Aim of the exercise. Among the records that follow, set down only the lines from the one containing "A powerful tornado" to the one containing "1.退市風(fēng)險(x", both included, exactly.

Extracted information.
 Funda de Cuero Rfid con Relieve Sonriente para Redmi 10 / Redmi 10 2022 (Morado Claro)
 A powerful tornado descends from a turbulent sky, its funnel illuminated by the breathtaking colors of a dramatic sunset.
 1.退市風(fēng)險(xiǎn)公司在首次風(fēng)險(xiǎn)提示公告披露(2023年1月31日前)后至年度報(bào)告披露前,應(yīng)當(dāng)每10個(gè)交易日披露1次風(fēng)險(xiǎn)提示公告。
==
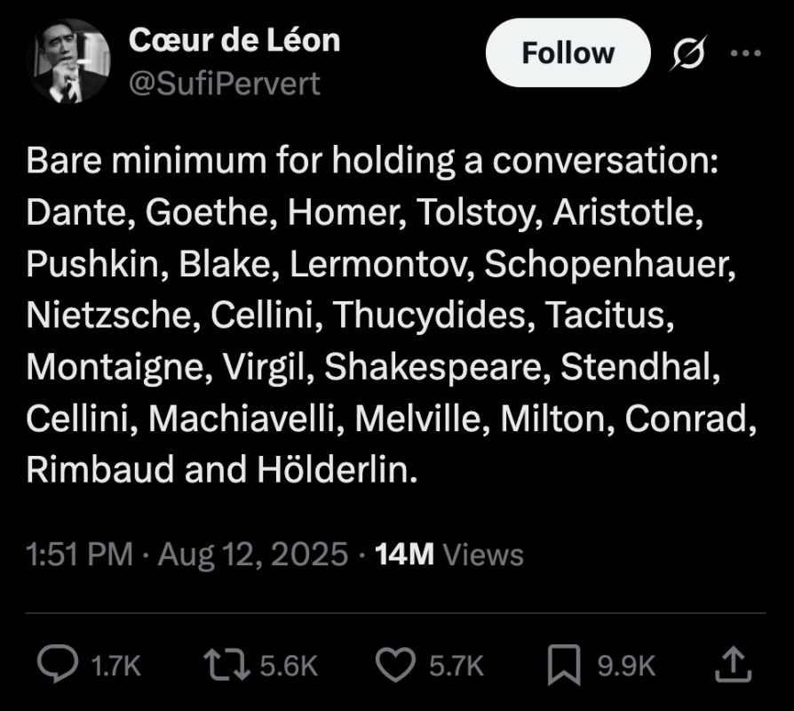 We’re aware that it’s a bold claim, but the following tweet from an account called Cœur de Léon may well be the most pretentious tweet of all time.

Answer space.
 A powerful tornado descends from a turbulent sky, its funnel illuminated by the breathtaking colors of a dramatic sunset.
 1.退市風(fēng)險(xiǎn)公司在首次風(fēng)險(xiǎn)提示公告披露(2023年1月31日前)后至年度報(bào)告披露前,應(yīng)當(dāng)每10個(gè)交易日披露1次風(fēng)險(xiǎn)提示公告。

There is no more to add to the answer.